You totally misunderstand - deliberately - because you want to paint over the fact that there are no security updates available.

Yer, I can create a new installation and yer I can roll back to my old one if the upgrade is erroneous, but if it is then I'm not going to get my security updates am I? Upgrading to a new version of a system has potential far reaching implications when all you want are some minor updates to software that will maintain compatibility. No sane person in their right mind who wants to run a stable system does that, regardless of how many times he can roll back.

Talking about Solaris's brilliant way of upgrading your system is irrelevant and totally orthoganal to the main point because there are people who clearly have mental issues accepting the current situation. How about providing security updates within a rollback system, eh?

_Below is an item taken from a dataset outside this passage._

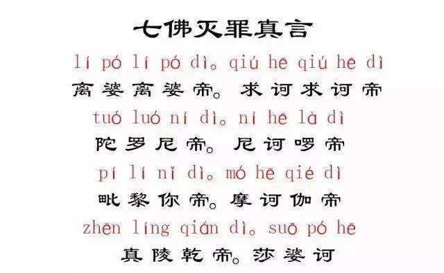 此咒出自《大方等陀罗尼经》,世尊因文殊师利法王子的请求,而说过去七佛曾诵过的咒。一个人若造了四重五逆罪,不仅后世受极大苦报,现世也不得平安,为了消灭罪障,最宜持诵七佛灭罪真言。

Also, remember that the OpenSolaris codebase represents the amalgamation of many innovative technologies that have been open sourced....As such, the OpenSolaris community also devotes it's time to trend-setting innovation.......

Sorry. I just need to mop up after pissing myself with laughter. Where did you dig this up from? Sun Marketing 101 down the hall?

Reply Parent Score: 2

RE[15]: Pay or run unstable
by akrosdbay on Thu 4th Jun 2009 16:55 in reply to "RE[14]: Pay or run unstable"
akrosdbay Member since:
2008-06-09


You totally misunderstand - deliberately - because you want to paint over the fact that there are no security updates available.


Yes there are. They are in the support repo.


Talking about Solaris's brilliant way of upgrading your system is irrelevant and totally orthoganal to the main point because there are people who clearly have mental issues accepting the current situation. How about providing security updates within a rollback system, eh?


But they are available. You really have no point just more FUD and trolling.